The smile disappeared.

“That piece today…”

“I can play tricks, too.”

“This is pointless, Turbo. Like a Politburo debate. We all knew the outcome before we started. A phone call is nothing. Give me those records. I want to catch my plane.”

“You shouldn’t have come here, Iakov. You should have stayed at home, where you’re untouchable—but there was too much at stake, wasn’t there?”

“I told you, Cheka honor.”

“No. That’s not it. Never was. This is about the Cheka, but it’s more about you. The apartment bombings were never Patrushev’s operation—they were yours. Gorbenko didn’t report to him, he reported to you. You didn’t have Putin’s okay—you were too wily to ask for it, he was too cautious to give it. All went well until Gorbenko realized he was on a one-way trip to his grave. Somebody must’ve made a mistake. Could even have been you. Doesn’t matter now. It all began to come apart with Ryazan. You had to fix it—to save your own skin. You went back to cover your tracks. You got most of them—Kosokov, the bank, Gorbenko, you probably doctored the files to make Patrushev appear responsible—but you missed two. Kosokov copied the records. And Eva. She was in the barn. She saw you. She watched you set the fire that killed Kosokov and almost killed her. That night at Greene Street was the first time she’d seen you since she was nine years old. No wonder she was terrified. Even doped up silly, she knew you’d come back for her.

“You can’t prove—”

“It’s the reason you worked over Polina the way you did. You needed the girl. You needed Polina to make that call. From what I could see, she held out as long as she could—longer. Whatever else you say about her, she loved Eva.”

“You still can’t prove anything.”

“You forget. I have Kosokov’s records. The one unmolested set. The ones he hid, you couldn’t find, and Polina took with her. The ones that made her go to you in December when she needed money. She saw what I saw. Kosokov covered his ass. He made sure every transaction was client-approved. The client doing the approving is you, Iakov. ChK22—that’s your Cheka designation. She knew enough to recognize it. So did I.”

He took a step back. It might have been the darkness, or my imagination, but the blue eyes turned color, closer to Lachko’s gray. “What do you want? Money? Position? Rehabilitation?”

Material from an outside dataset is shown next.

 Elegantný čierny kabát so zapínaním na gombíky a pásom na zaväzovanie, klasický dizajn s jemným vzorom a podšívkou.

I shook my head. “I’m not a Chekist anymore, Iakov. I’m just an old zek trying to make my way. I was reminded recently about the light of day. I want this whole affair to be seen in the light of day. That’s why there’s going to be a trial. Here. A jury may well decide there’s not enough evidence to convict, but the world—including Russia—will get to see what happened, in 1999, in those apartment buildings, at Rosnobank, in that barn, at Greene Street, last night under the Brooklyn Bridge. Russians will gain a little better idea who runs their country and how they came to be there. I’m not naive, I don’t expect much to change—but we’ve spent too long hiding under a cloak of secrecy and deceit. Tsarist cloak, Bolshevik, Stalinist, Chekist, doesn’t matter. They’re all the same. I’m pulling this one off so everyone can see. That’s what I want.”

“SERGEI!”

“I’m right here,” a new voice said from behind. “Drop the gun, shit-for-brains. Only thing pulled gonna be this trigger.”

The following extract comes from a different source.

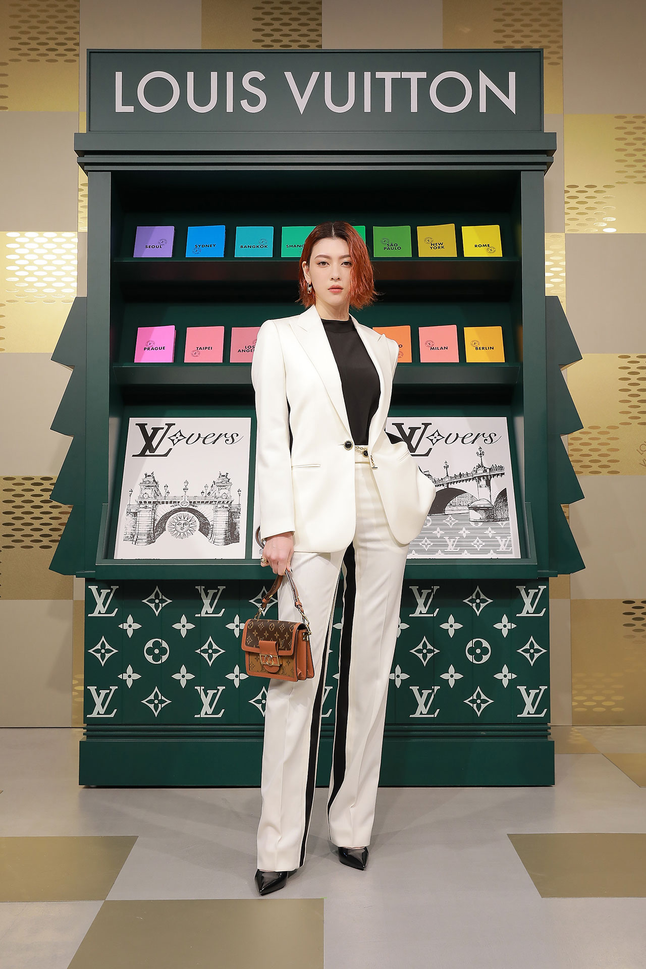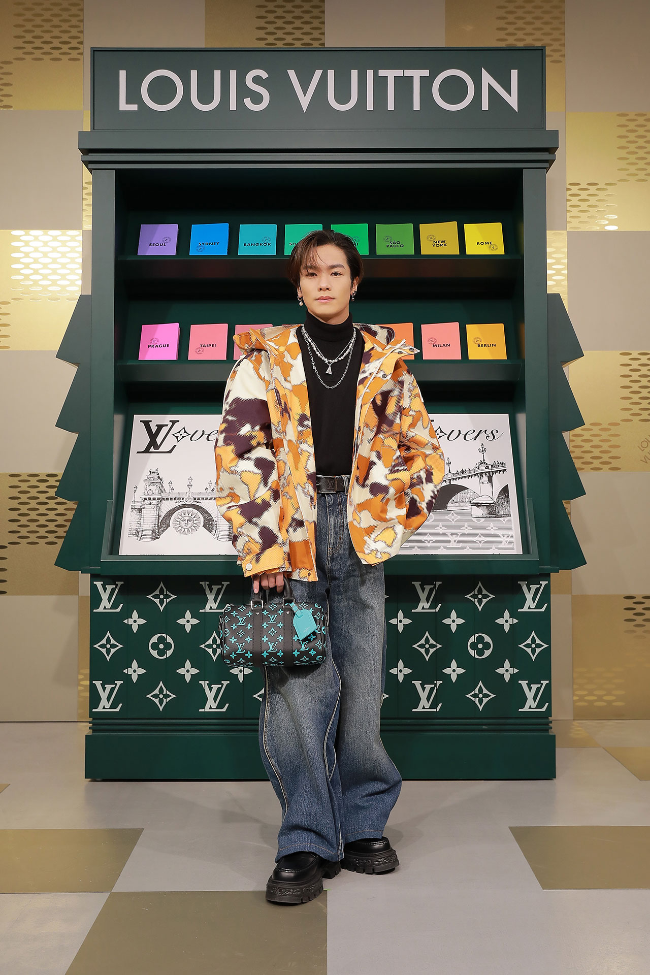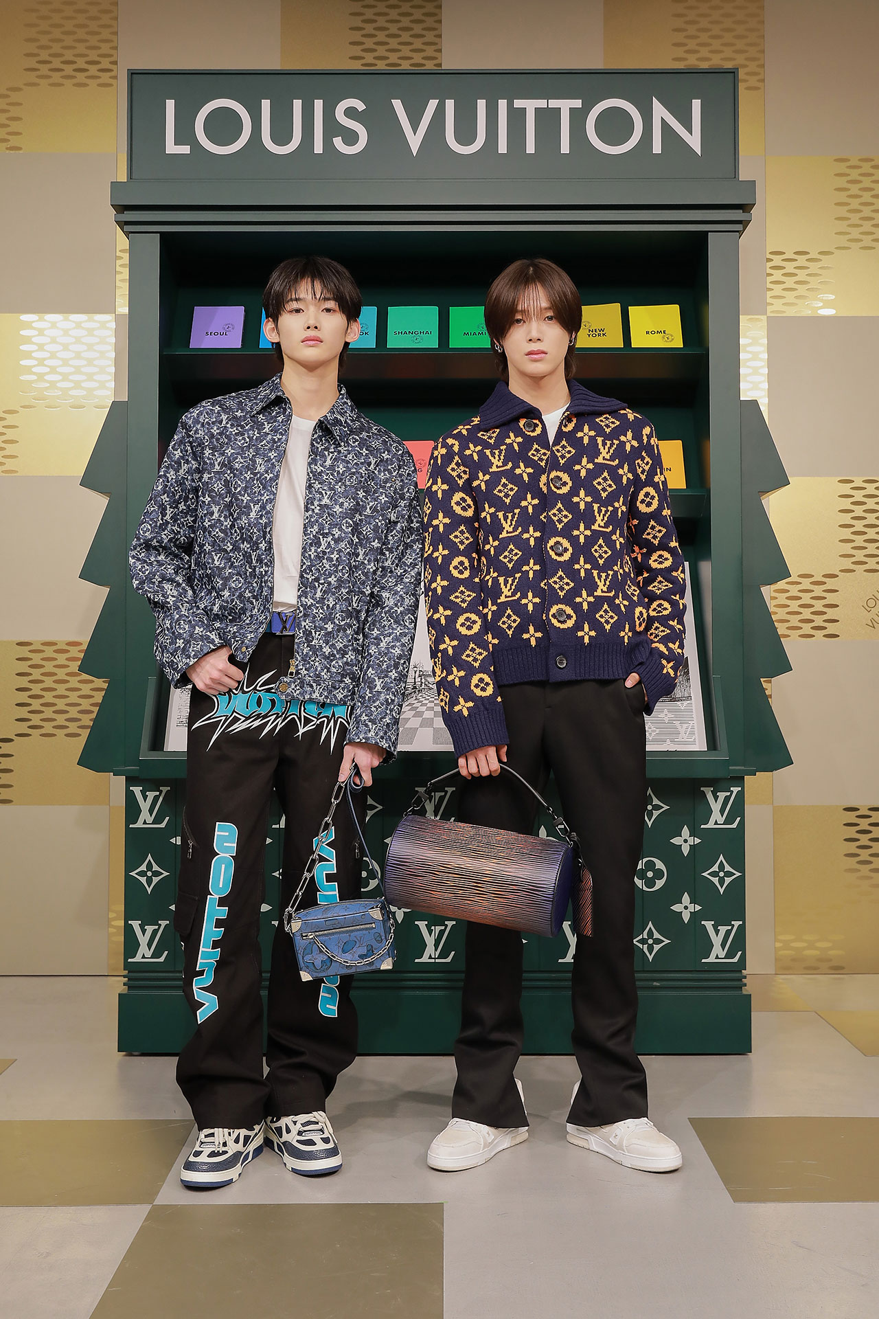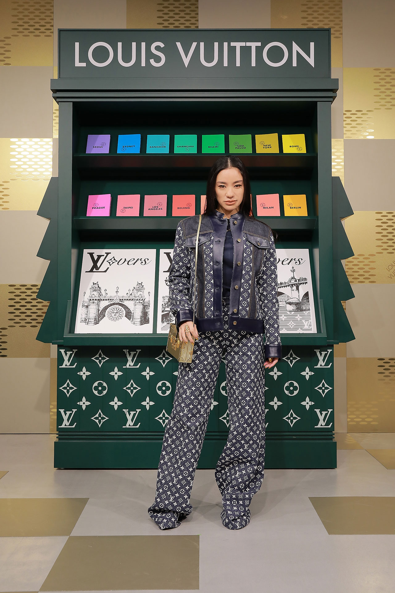 ダミエ・パターンに彩られたファサードに出迎えられ、店内に入るとゴールドカラーを基調とした空間が広がる。天井からはキューブ型のインスタレーションが吊るされ、デジタルアニメーションや Louis Vuitton 仕様のゴルフカートやブックストアを連想させるディスプレイが並ぶ。ペパーミントグリーンに染まった2階は、壁一面にモニターやスピーカーが設置され、デジタル化したダモフラージュ・モチーフやアイコニックなダミエ、モノグラムを取り入れた本コレクションの雰囲気が忠実に体現された。

Sergei stepped out of the same pipe section I’d been standing in a few minutes before, his big frame just visible against the wall of darkness behind. He held a silenced machine pistol at his hip, like the ones in the car. I let the SIG fall from my hand.

“Move away from him,” Sergei said. “Over there.”

“No.”

“Turbo, don’t be stupid,” Iakov said. “There’s no point now. You played out your hand. You lost. Game over.”

He ran his hands over me and pulled out the hard drive, the recording device in my vest, the detonator, and his cell phone and mine. He picked up my gun and moved away.

“Clint Eastwood,” he said. “Nobility is a fool’s pursuit. If you’re lucky, you end up a dead hero. Usually you just end up dead. Especially when you’re stubborn.